--- DATASET CONTENT Enclosed Below ---

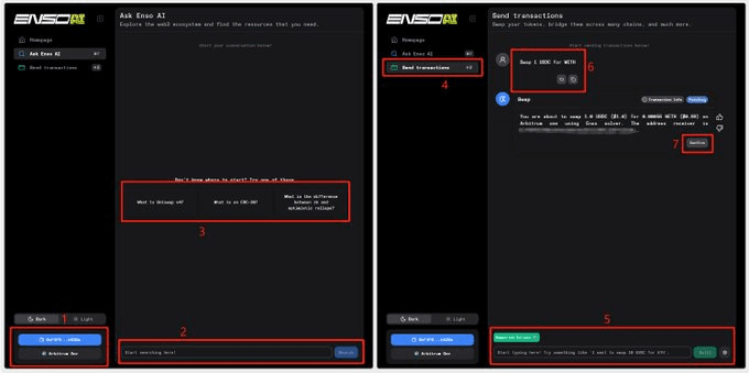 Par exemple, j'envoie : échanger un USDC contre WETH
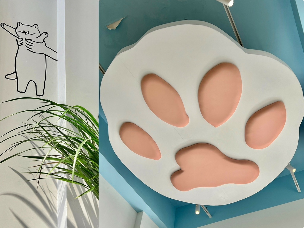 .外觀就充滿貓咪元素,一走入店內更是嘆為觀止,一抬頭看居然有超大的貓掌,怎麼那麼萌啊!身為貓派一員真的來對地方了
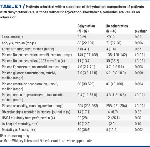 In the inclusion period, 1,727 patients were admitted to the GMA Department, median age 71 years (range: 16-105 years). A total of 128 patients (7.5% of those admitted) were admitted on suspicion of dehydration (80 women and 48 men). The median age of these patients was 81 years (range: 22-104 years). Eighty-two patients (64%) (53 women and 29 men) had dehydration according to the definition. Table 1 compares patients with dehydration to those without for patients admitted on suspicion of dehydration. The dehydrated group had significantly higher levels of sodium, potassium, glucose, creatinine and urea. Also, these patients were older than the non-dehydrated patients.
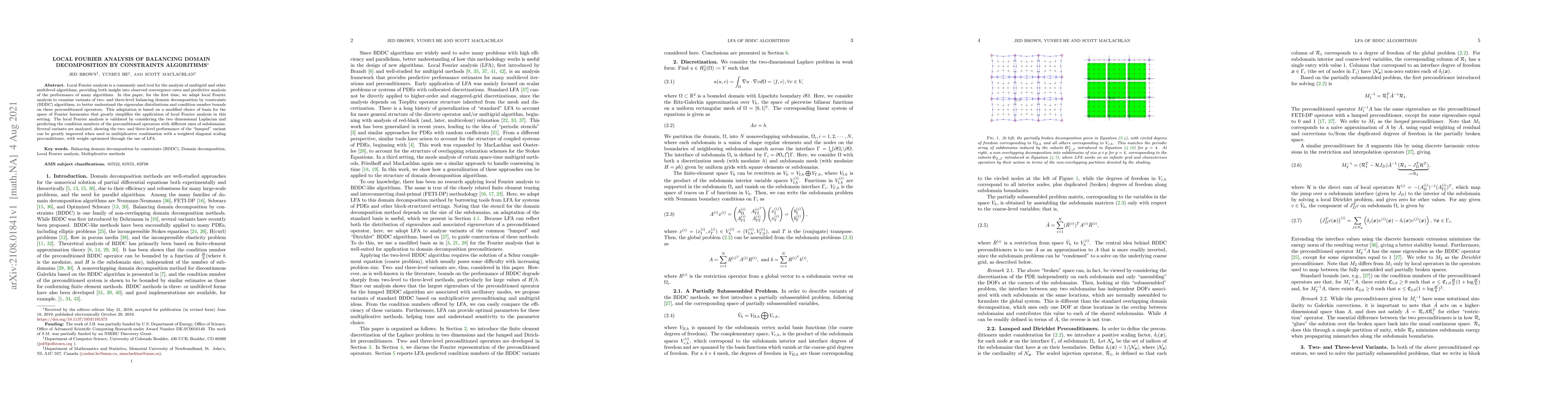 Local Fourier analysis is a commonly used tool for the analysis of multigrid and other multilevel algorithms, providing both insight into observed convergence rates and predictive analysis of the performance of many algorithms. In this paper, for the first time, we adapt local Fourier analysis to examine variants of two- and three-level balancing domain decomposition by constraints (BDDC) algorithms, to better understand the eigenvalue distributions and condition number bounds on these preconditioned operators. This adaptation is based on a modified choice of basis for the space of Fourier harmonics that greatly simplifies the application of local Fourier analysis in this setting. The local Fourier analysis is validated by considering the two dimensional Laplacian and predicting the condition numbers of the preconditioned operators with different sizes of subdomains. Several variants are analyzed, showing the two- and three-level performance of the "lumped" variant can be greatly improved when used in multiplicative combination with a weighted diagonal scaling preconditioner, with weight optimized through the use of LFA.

--- End of Enclosed DATASET CONTENT ---

WORK INSTRUCTIONS: Copy the material above exactly and drop the pictures.

RESPONSE:
 Par exemple, j'envoie : échanger un USDC contre WETH
 .外觀就充滿貓咪元素,一走入店內更是嘆為觀止,一抬頭看居然有超大的貓掌,怎麼那麼萌啊!身為貓派一員真的來對地方了
 In the inclusion period, 1,727 patients were admitted to the GMA Department, median age 71 years (range: 16-105 years). A total of 128 patients (7.5% of those admitted) were admitted on suspicion of dehydration (80 women and 48 men). The median age of these patients was 81 years (range: 22-104 years). Eighty-two patients (64%) (53 women and 29 men) had dehydration according to the definition. Table 1 compares patients with dehydration to those without for patients admitted on suspicion of dehydration. The dehydrated group had significantly higher levels of sodium, potassium, glucose, creatinine and urea. Also, these patients were older than the non-dehydrated patients.
 Local Fourier analysis is a commonly used tool for the analysis of multigrid and other multilevel algorithms, providing both insight into observed convergence rates and predictive analysis of the performance of many algorithms. In this paper, for the first time, we adapt local Fourier analysis to examine variants of two- and three-level balancing domain decomposition by constraints (BDDC) algorithms, to better understand the eigenvalue distributions and condition number bounds on these preconditioned operators. This adaptation is based on a modified choice of basis for the space of Fourier harmonics that greatly simplifies the application of local Fourier analysis in this setting. The local Fourier analysis is validated by considering the two dimensional Laplacian and predicting the condition numbers of the preconditioned operators with different sizes of subdomains. Several variants are analyzed, showing the two- and three-level performance of the "lumped" variant can be greatly improved when used in multiplicative combination with a weighted diagonal scaling preconditioner, with weight optimized through the use of LFA.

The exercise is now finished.